Embryonic stem cells (ESCs) derived from the inner cell mass of blastocyst stage embryos are a powerful in vitro model for cellular differentiation and a potential source of cells for regenerative therapies. A better understanding of the factors controlling differentiation is necessary to robustly direct ESCs to produce mature cell types for therapeutic purposes. In addition, perturbations in differentiation in vivo lead to defects in early embryos and failed pregnancies. We are focusing on elucidating the components and wiring of the ESC gene regulatory network, in order to better control ESC differentiation and gain a more complete understanding of early development. Although three classes of regulatory factors comprise the ESC GRN—transcription factors, epigenetic regulators, and RNAs—the functions of only the first two classes are understood to a degree. We recently uncovered a key role for a structural feature of the ESC epigenome, RNA/DNA hybrids (RDHs), in cell fate. We found that RDHs are necessary to maintain the differentiation potential of ESCs—cells with reduced RDHs showed poor differentiation fidelity and a skewed differentiation profile. We recently found that RDHs play a key role in the ESC GRN, which likely accounts for these phenotypes. Depletion of RDHs leads to misregulation of thousands of genes. Interestingly, for a small fraction of these genes, we found that RDHs regulate the binding of two key epigenetic regulatory factors, PRC2 and Tip60-p400. However, most genes regulated by RDHs are neither direct nor indirect targets of these factors, raising the question of what other components of the GRN are modulated by RDHs. Here we propose to use epigenomic profiling and systems level approaches to comprehensively elucidate the roles of RDHs in the GRN. In addition, we will utilize a novel method for identification of new RDH-binding factors. Finally, we will use single cell profiling techniques to elucidate how RDHs regulate cell fate on a cell-by-cell basis. These studies will provide multiple new insights into how RNAs function within the ESC GRN. In addition, these studies will enhance our understanding of how cells acquire specific fates during ESC differentiation.
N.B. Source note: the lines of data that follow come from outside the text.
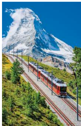
The Gornergratbahn railway

Day 12: Salzburg Our walking tour this morning features the geometrically-styled Mirabell Gardens, dating to the 17 th century; the Baroque Old Town, now a UNESCO World Heritage Site; and visits to Salzburg Cathedral and medieval Hohensalzburg Fortress, one of Europe’s largest and best-preserved castles. Then the remainder of the day is free for independent exploration. B
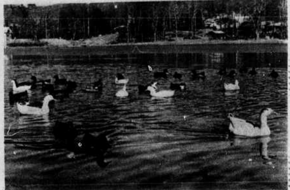
HAPPY - TOGETHER - SWIMMING FREE.
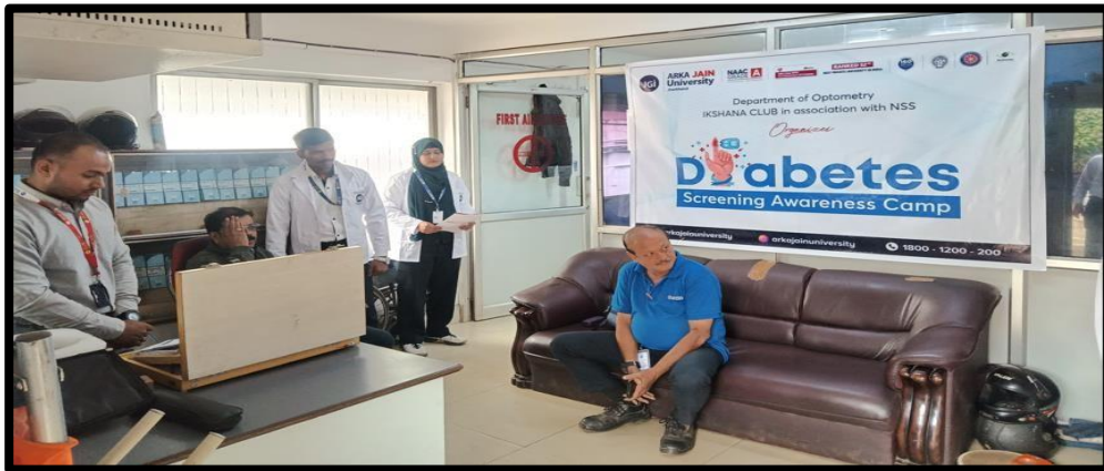
Setup for the Diabetes Screening Awareness Camp at RSB Transmission
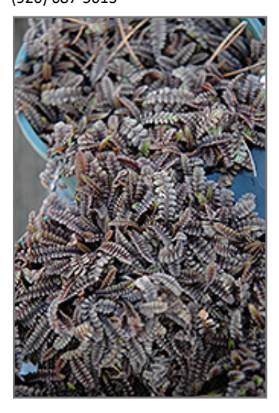
Platt's Black Brass Buttons

This is a cultivar in which the unusual nearly black foliage is the real attraction; delicate fern-like leaves will tolerate some foot traffic; neither flowers or fruit are particularly ornamental; great as a color accent in a rock garden
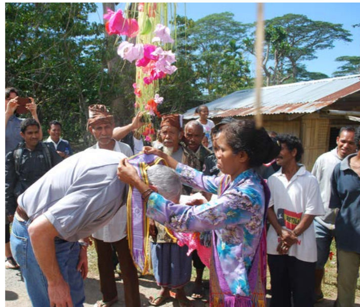
Being greeted at a highland village

Due to open defecation practices the water source is vulnerable to contamination. A community Action plan and
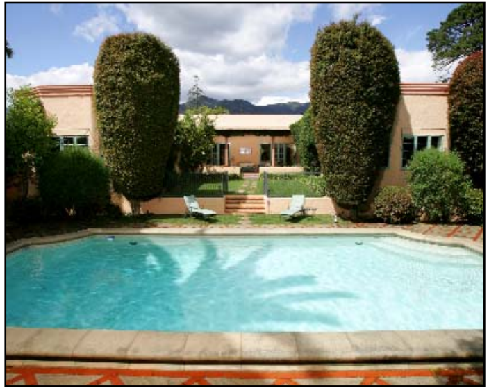
View of the courtyard from the pool.

tiled wet bar with flower arranging sink. A stairway leads to the private roof terrace.
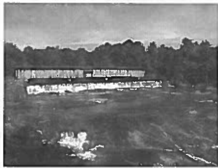
Watson Mill Bridge has the longest covered span of any existing wooden bridge in Georgia.
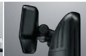
Modular Customer Display
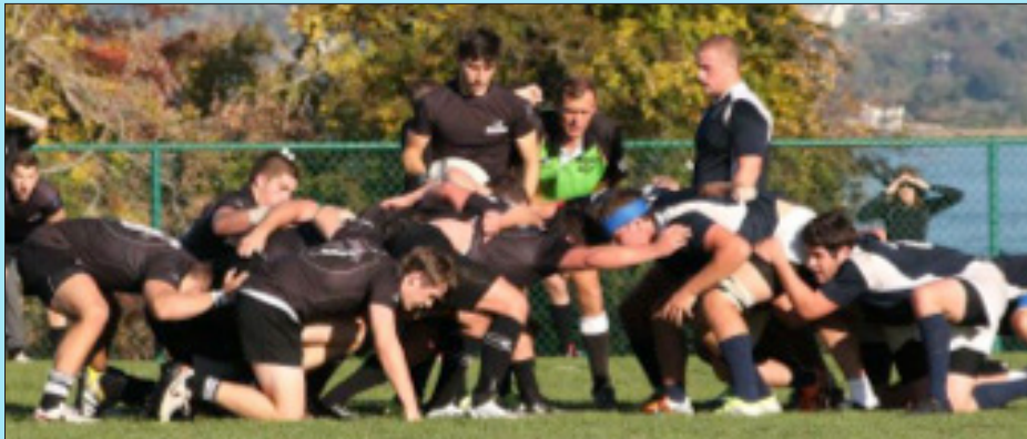
The Backpack enters a scrum.
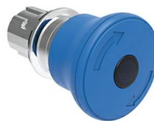
Illuminated mushroom head button actuators - Latch, turn to release Ø 40mm/1.6" LPSBL66
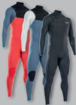
ITEM NO. 48212-4478 Seek Core Semidry 5/4 FZ DL

CORE LEVEL VERSATILE ALLROUNDER WITH PREMIUM FEATURES
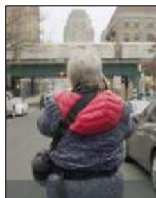
Martha: A Picture Story

The Naked Wanderer Buoyancy Promised Emu Runner Martha: A Picture Story Come to Daddy Honeyland Measure for Measure Vibarium The Wild Goose Lake Deerskin Iron Fists and kung-Fu Kicks For Sama
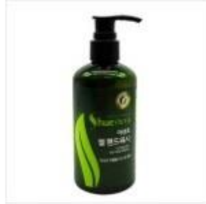
Shue Ne Ra Gel Hand Washer 250 g
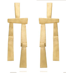
Tor Earrings Gold £105.00
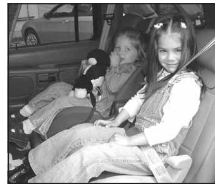
Two youngsters sit in appropriate car seats.

If you need clarification on the regulations above, want more information on car seats, or want to know to how to properly install your car seat, call MP station operations section at 634-8891 or off post at 044-471-8891.

源自囊胚期胚胎内细胞团的胚胎干细胞 (ESC) 具有强大的 细胞分化的体外模型和再生疗法的潜在细胞来源。更好的 了解控制分化的因素对于强有力地指导 ESC 产生成熟的细胞是必要的。 用于治疗目的的细胞类型。此外，体内分化的扰动会导致早期细胞的缺陷。 胚胎和妊娠失败。我们致力于阐明 ESC 基因的组成和接线 调控网络，以便更好地控制ESC分化并获得更全面的了解 早期发展。尽管 ESC GRN 包含三类调节因子——转录因子， 表观遗传调节因子和 RNA——只有前两类的功能在一定程度上被了解。我们 最近发现了 ESC 表观基因组结构特征 RNA/DNA 杂合体 (RDH) 在细胞中的关键作用 命运。我们发现 RDH 对于维持 ESC 的分化潜力是必需的，ESC 是细胞的分化潜能降低的细胞。 RDH 表现出较差的分化保真度和倾斜的分化特征。我们最近发现 RDH 在 ESC GRN 中发挥关键作用，这可能解释了这些表型。 RDH 的耗尽导致 数千个基因的失调。有趣的是，对于这些基因的一小部分，我们发现 RDH 调节两个关键表观遗传调控因子 PRC2 和 Tip60-p400 的结合。然而，大多数基因 受 RDH 监管的机构既不是这些因素的直接目标，也不是间接目标，这就提出了一个问题：还有哪些其他因素？ GRN 的组成部分由 RDH 调制。在这里，我们建议使用表观基因组分析和系统 水平方法全面阐明 RDH 在 GRN 中的作用。此外，我们还将利用小说 鉴定新 RDH 结合因子的方法。最后，我们将使用单细胞分析技术来 阐明 RDH 如何逐个细胞地调节细胞命运。这些研究将提供多种新见解 研究 RNA 如何在 ESC GRN 内发挥作用。此外，这些研究将加深我们对如何 细胞在 ESC 分化过程中获得特定的命运。